**DATA**
──────────────────────────────
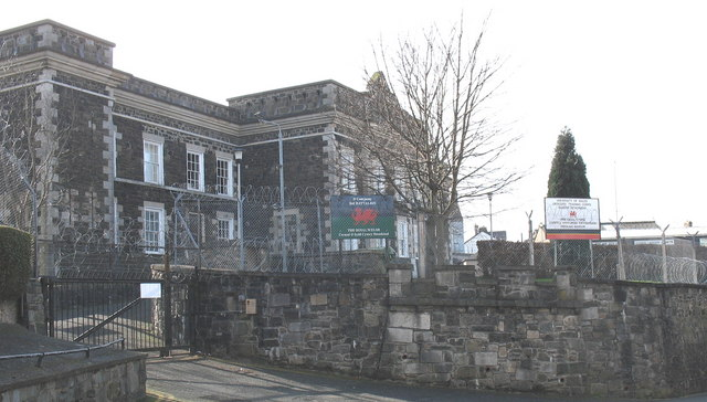 Caernarfon Barracks Home of 10 Platoon of D Coy. (RWF) of the 3rd Batt. Royal Welsh - Y Cymry Brenhinol, of Bangor/Lampeter Wales OUTC, and of ex-L/Cpl Billy, former mascot of the 6/7th Batt. RWF. 351393
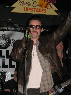 Jay Della Valle playing music at The Middle East
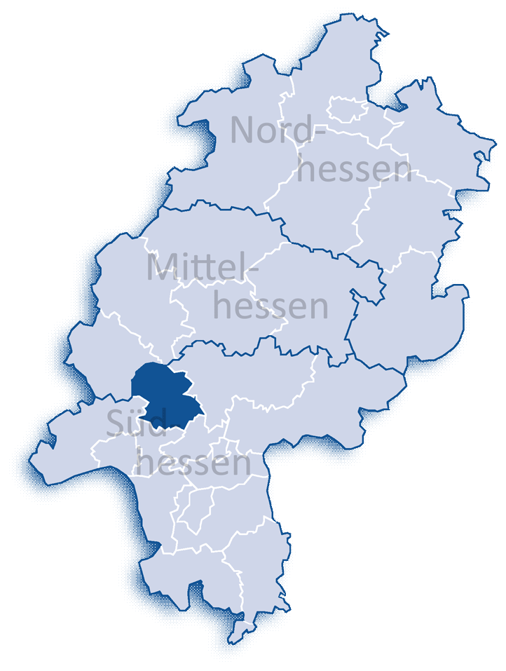 The map shows the district Hochtaunuskreis. A district in Hesse
──────────────────────────────
**PROBLEM REQUIREMENTS**
Apart from its pictures, the data is to be repeated exactly.

**EXERCISE RESULT**
 Caernarfon Barracks Home of 10 Platoon of D Coy. (RWF) of the 3rd Batt. Royal Welsh - Y Cymry Brenhinol, of Bangor/Lampeter Wales OUTC, and of ex-L/Cpl Billy, former mascot of the 6/7th Batt. RWF. 351393
 Jay Della Valle playing music at The Middle East
 The map shows the district Hochtaunuskreis. A district in Hesse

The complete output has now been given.